President Kennedy stood before America only 20 days later and said: “We choose to go to the moon. We choose to go to the moon in this decade and do the other things, not because they are easy, but because they are hard, because that goal will serve to organize and measure the best of our energies and skills, because that challenge is one that we are willing to accept, one we are unwilling to postpone, and one which we intend to win, and the others, too. “What a leader he was. And so we were off and running, and on July 20th 1969, Neil Armstrong set foot on the moon. No other country has ever put a man there since. We have gone through fifty years since then, with other programs taking the place of “deep space” travel. The Space shuttle program…the space station. All of that was exciting, but not something which would serve to inspire the soul. Reaching out past our planet into the unknown is something exciting. With programs like Artemis, humanity seems to be pointed out towards the depth of space again. Away from the Earth, out into the unknown and unknowable. Out to perhaps one day having humanity set foot on another world. I’m a lifelong reader of Science Fiction and Fantasy. I loved Asimov, Clarke, and Heinlein. I also liked less well known authors also, like Frank Herbert and later on Orson Scott Card. But it was mainly Heinlein who really put the reader out there amongst the stars.

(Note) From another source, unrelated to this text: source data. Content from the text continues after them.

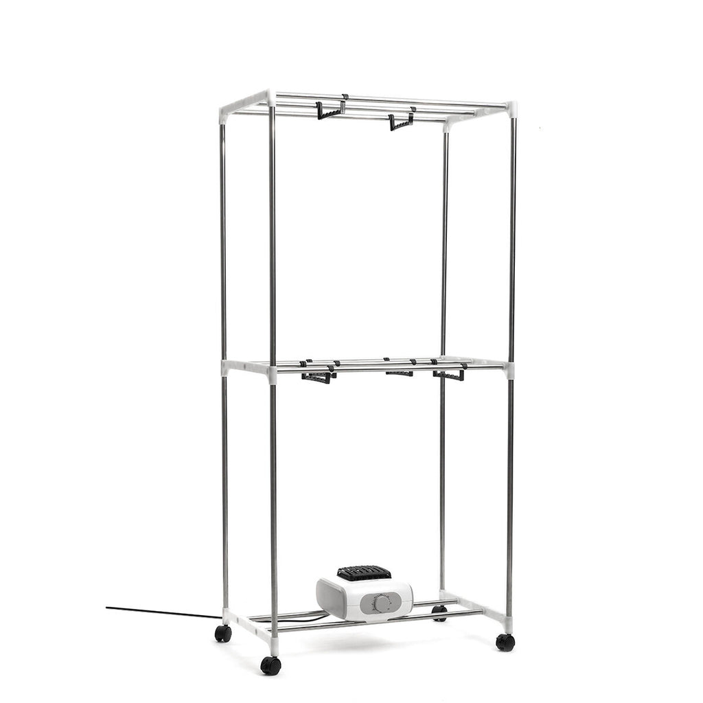Prenosni električni sušilnik perila z 2 višinama (1200 W), idealen za učinkovito in hitro obešanje in sušenje oblačil. Poleg tega sterilizira in odstranjuje vonjave. Ima 6 nosilcev za obešalnike, časovnik, kolesa ter odstranljivo in pralno prevleko z zadrgo.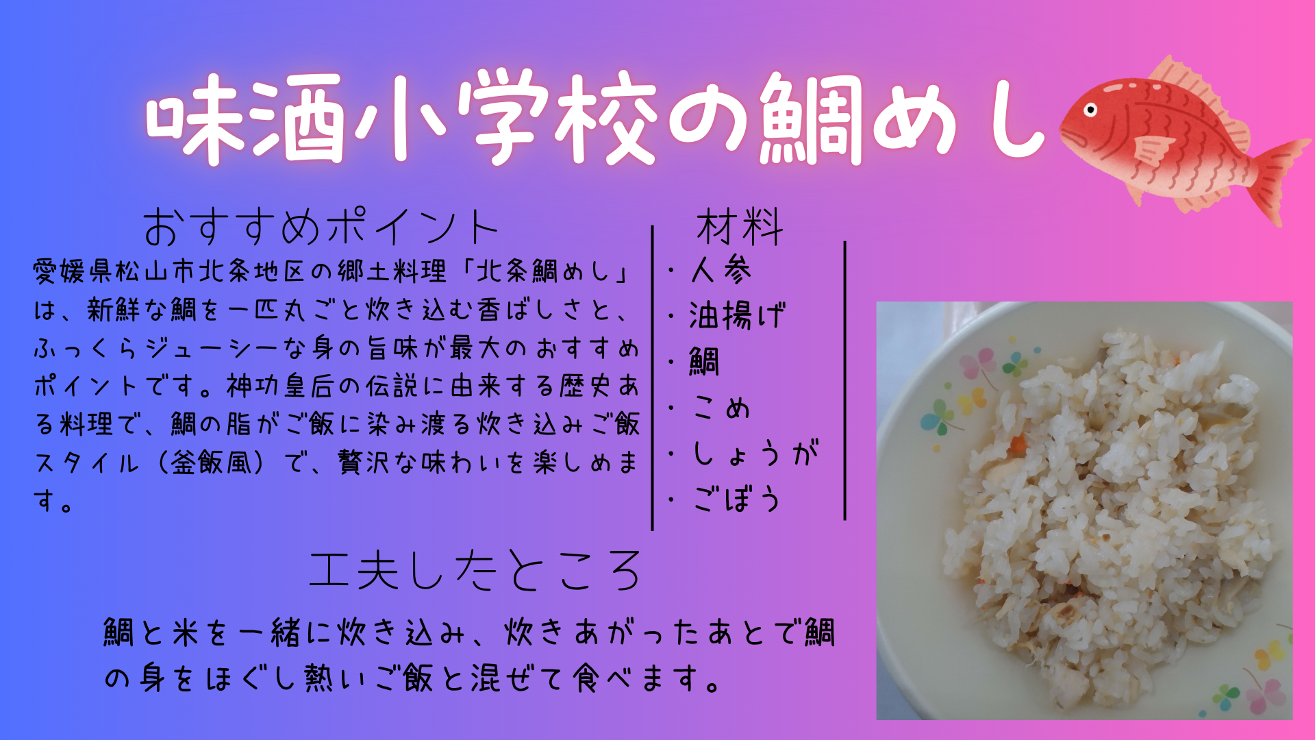 | 給食名 | 鯛めし |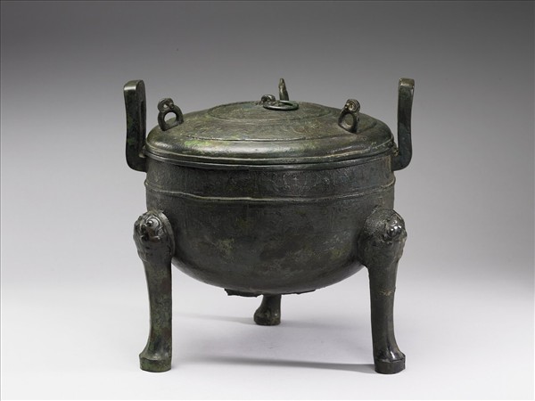 鼎,平頂蓋,蓋上有三環耳,子母口,附耳,圓腹,獸足,一足已殘。蓋面中央有綯紋與交蛇紋,蓋緣與器腹紋帶均飾獸紋,腹中央有凸弦紋一道。
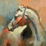 Set against a lively background of soft blue, orange, and white tones, the horse’s head takes center stage, making it the focal point of the composition. The artist’s expressive use of color and texture gives the painting a warm, emotional presence that resonates with viewers.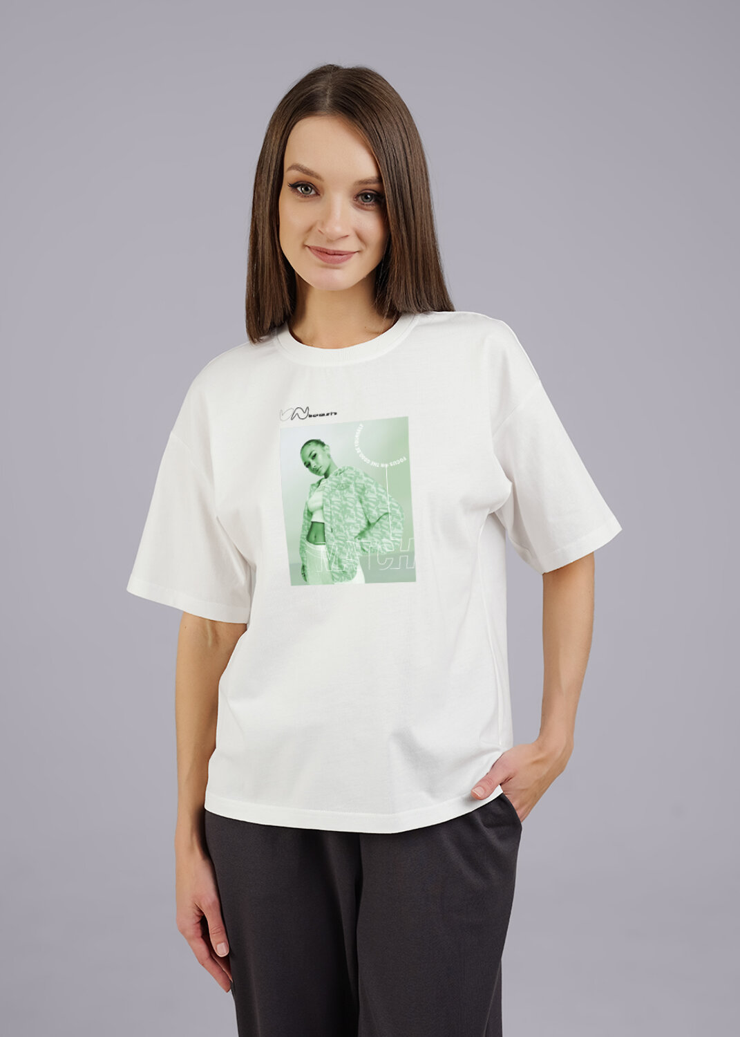 Джемпер для дома и отдыха из трикотажного полотна, свободного кроя. Короткий рукав со спущенной линией плеча. Округлая горловина с обтачкой из кашкорсе. По спинке шов. На детали переда принт и термонаклейка.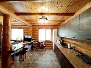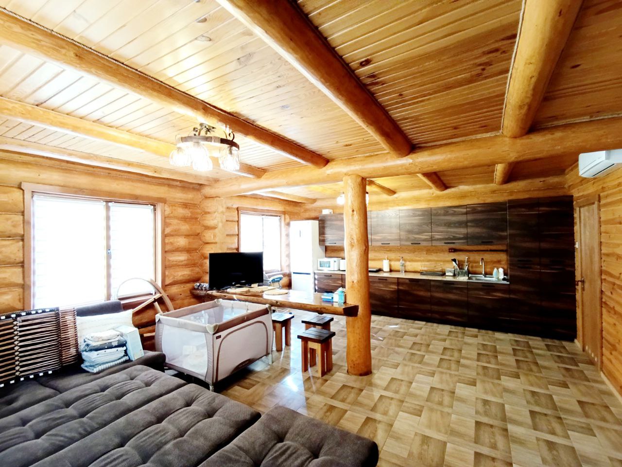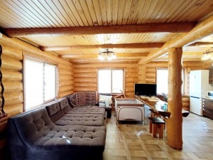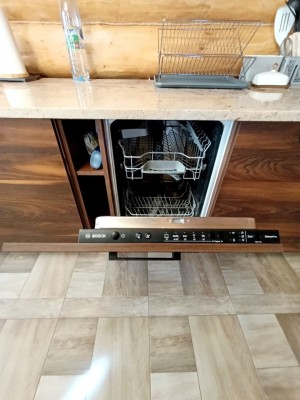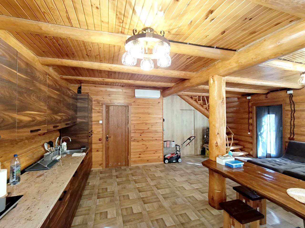 1 поверх: вітальня – кухня 40 м.кв. + санвузол 3.3 м.кв і сходи на 2 поверх (сходи так само зроблені з суцільного дерева, на фото видно). Кухня вмонтована, вся техніка присутня – духова шафа, посудомийка (45), холодильник, мікрохвильова піч, витяжка, пральна машина (все нове, усе залишається). Диван розкладний, стіл вмонтований (теж дерев’яний). Санвузол – душова кабіта, туалет, бойлер на 90 літрів. Опалення 1-й поверх електричне – тепла підлога.

I really “grokked” his books.

This morning as I looked out at the stars in the bright but dark sky, I thought of a quote I had read from author Norman Cousins, who became famous for “laughing” himself back to health: To be able to rise from the earth; to be able, from a station in outer space, to see the relationship of the planet earth to other planets; to be able to contemplate the billions of factors in precise and beautiful combination that make human existence possible; to be able to dwell on an encounter of the human brain and spirit with the universe—all this enlarges the human horizon . . .— Norman Cousins, 1973

Hopefully soon, the United States, and perhaps the entire world will again take its first baby steps towards a hopeful ultimate destiny of reaching the stars and the planets surrounding them, and “going where no man has gone before.”